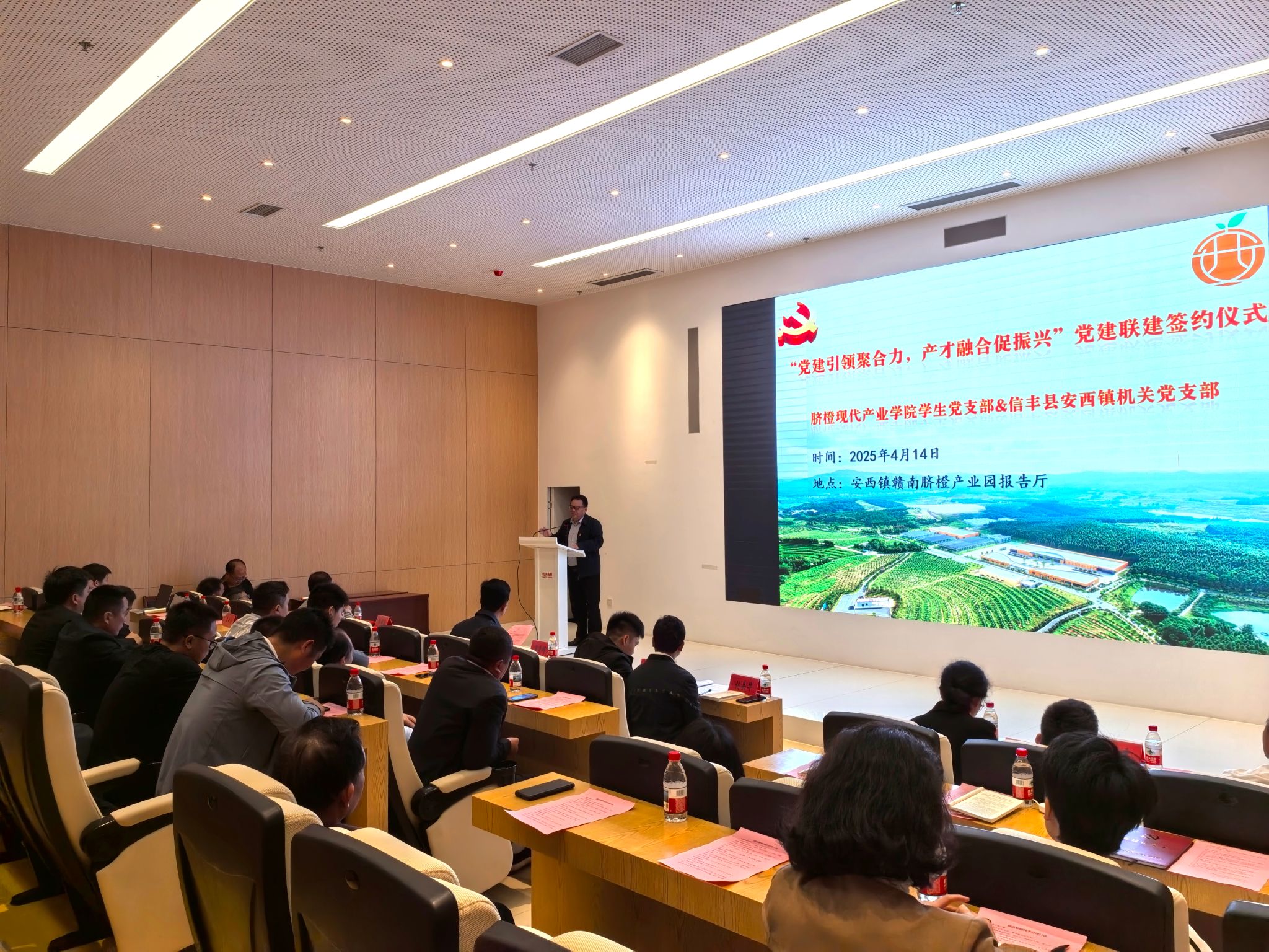 4 月 14 日上午,脐橙现代产业学院与信丰县安西镇携手开展 “党建引领聚合力,产才融合促振兴” 活动。脐橙现代产业学院、安西镇党委负责同志,脐橙现代产业学院师生党员代表,安西镇、发控集团有关工作人员以及果农代表共同参与了此次活动。
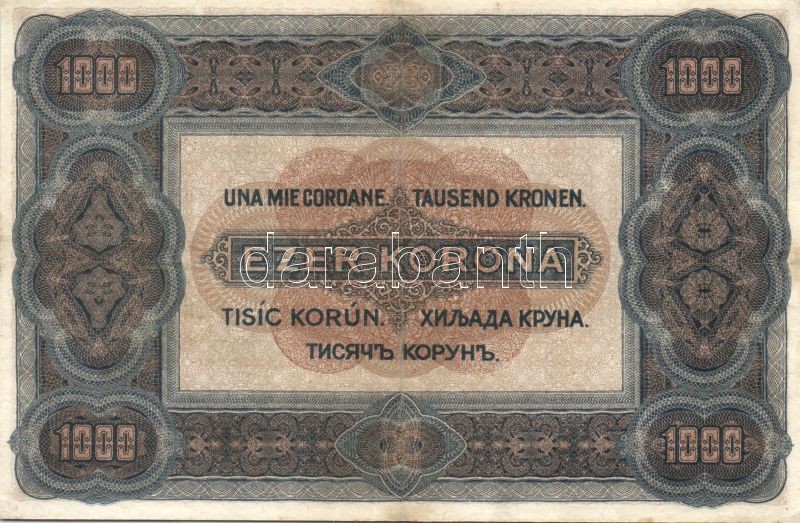 Leírás: 1920. 1000P barna sorozat és sorszámozással T:restaurált
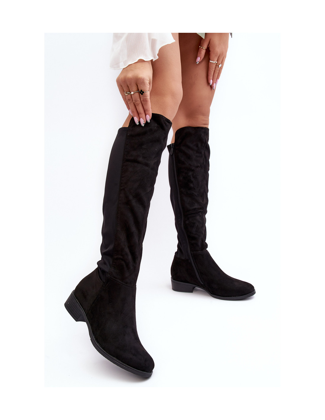 Moteriški zomšiniai batai per kelius S.Barski HY27098A juodi
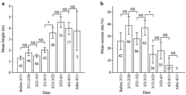 Methods We monitored nests of the Silver-throated Tit across seven breeding seasons in the Dongzhai National Nature Reserve in Henan Province of China. We compared the difference of nesting success among nests of different heights and analyzed the effect of nesting date on nest height and nest predation rates.
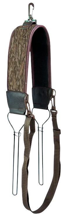 This over-the-shoulder game tote is designed to hold waterfowl during hunting trips, featuring a neoprene construction with a comfortable neoprene shoulder strap and waist strap for secure carrying. The tote includes 2 wire loops for hanging birds and measures 18.2" long by 5.9" wide by 2.0" deep. The Mossy Oak Bottomland camouflage pattern provides effective concealment in natural hunting environments.
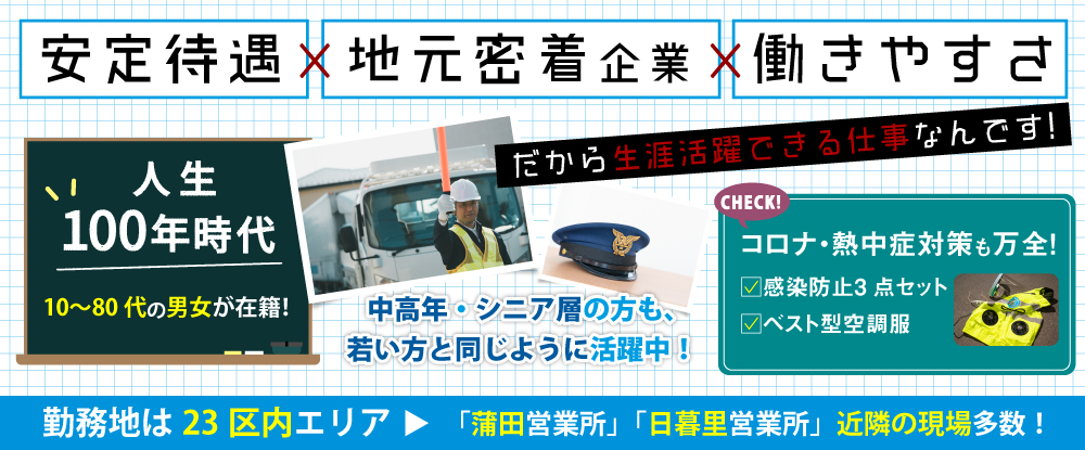 ■働きやすい環境が整っている■ 私たちは、特にシニア世代の方々が安心して働ける環境を整えています。 固定現場での勤務や、休憩所が完備されているため、 無理なく快適に過ごしながら仕事に取り組むことが...
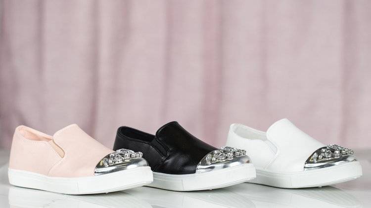 - Рожеві сліпи на екошкірі на кросівках. Металевий ніс із фіанітом. Тканина, покрита носком. Міцно зроблений і дуже зручний завдяки м’якій гумовій підошві. Примітка: виріб має розбитий матеріал.

####

Using the listing above, write out exactly the lines from the one that holds "This over-the-shoulder game" through the last line, both included, and omit pictures.

__Answer space__.
 This over-the-shoulder game tote is designed to hold waterfowl during hunting trips, featuring a neoprene construction with a comfortable neoprene shoulder strap and waist strap for secure carrying. The tote includes 2 wire loops for hanging birds and measures 18.2" long by 5.9" wide by 2.0" deep. The Mossy Oak Bottomland camouflage pattern provides effective concealment in natural hunting environments.
 ■働きやすい環境が整っている■ 私たちは、特にシニア世代の方々が安心して働ける環境を整えています。 固定現場での勤務や、休憩所が完備されているため、 無理なく快適に過ごしながら仕事に取り組むことが...
 - Рожеві сліпи на екошкірі на кросівках. Металевий ніс із фіанітом. Тканина, покрита носком. Міцно зроблений і дуже зручний завдяки м’якій гумовій підошві. Примітка: виріб має розбитий матеріал.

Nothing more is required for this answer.